Human anti-pig antibodies were obtained by perfusing pig hearts ( n = 4) and kidneys ( n = 8) with human AB or O plasma followed by elution with 3 M NaSCN. The antibodies were screened against a panel of 132 synthetic carbohydrates conjugated to bovine serum albumin using an enzyme-linked immunoassay. An anti-immunoglobulin antibody was also used to detect immunoglobulin deposits on pig tissues. Four carbohydrate molecules with a terminal α-galactose residue bound all but one of the human anti-pig kidney antibodies and most of the anti-pig heart antibodies.

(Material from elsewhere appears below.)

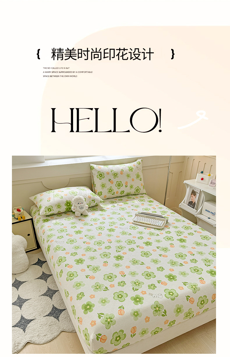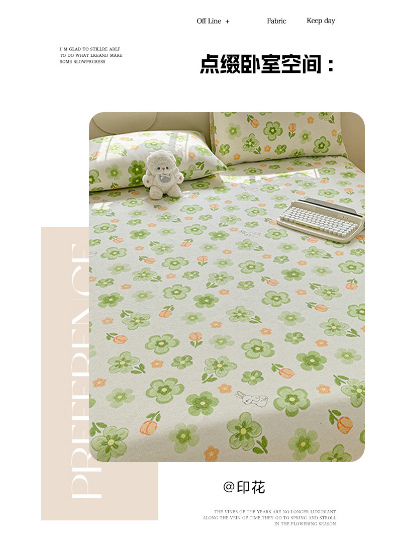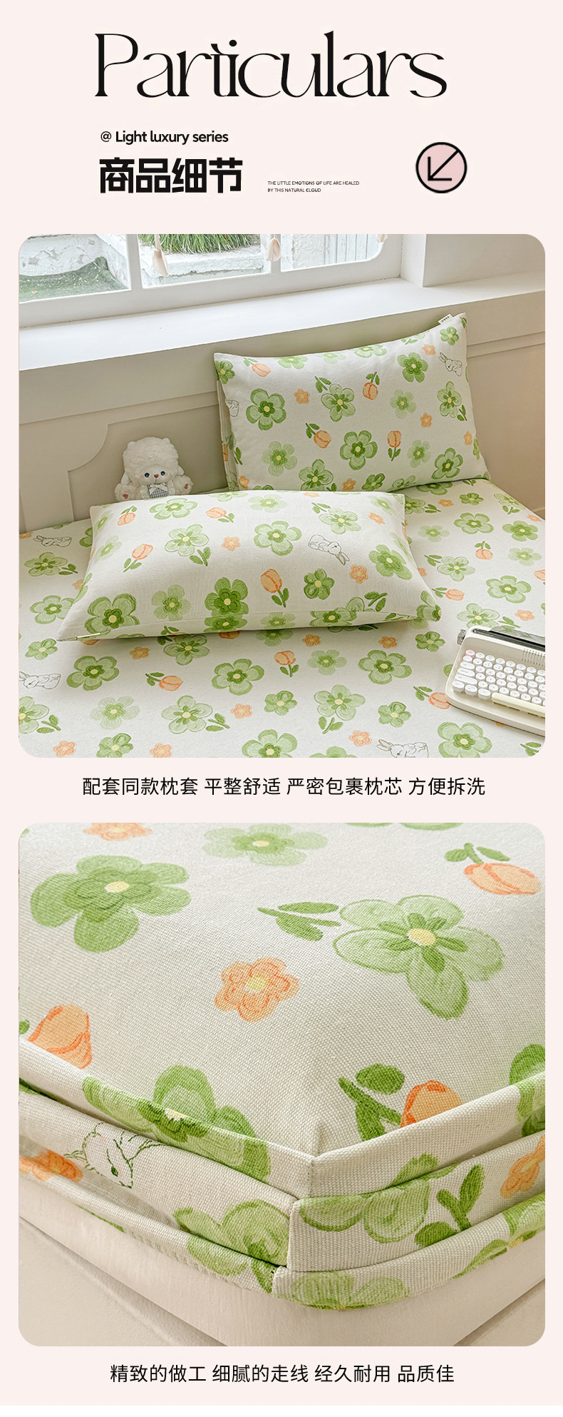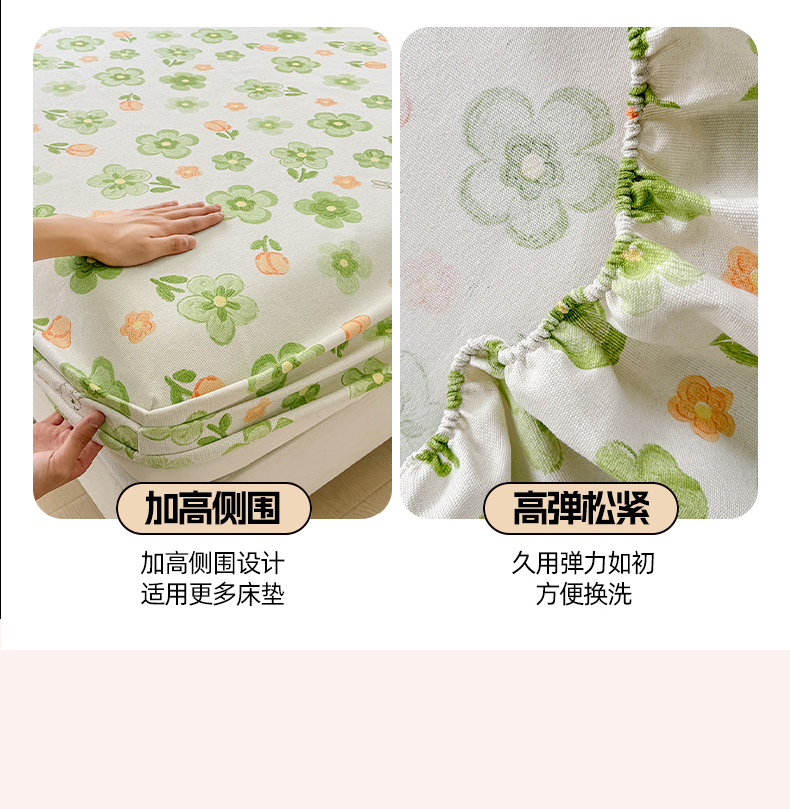 • 91家纺网 家纺一手货源 找家纺 爱彼家纺 2026新款舒适透气老粗布凉席印花床笠单件-床笠三件套 老粗布床笠-绿果花香

These were: (i) αGal(1→3) βGal(1→4) βGlcNac (linear B type 2); (ii) αGal(1→3) βGal(1→4) βGlc (linear B type 6); (iii) αGal(1→3) βGal(B disaccharide); and (iv) αGal(α-D-galactose). Immunoglobulin deposition was documented post-plasma perfusion in all pig hearts and particularly strongly in all pig kidneys. These results suggest that human anti-pig antibodies are mainly directed against α-galactosyl structures. Extracorporeal immunoadsorption of human plasma through columns of the specific synthetic carbohydrate(s) might lead to depletion of anti-pig antibodies and allow discordant xenografting in man. Alternatively, the infusion of the specific carbohydrate(s) for a period of several days might result in neutralization of the anti-pig antibodies and allow accommodation to take place.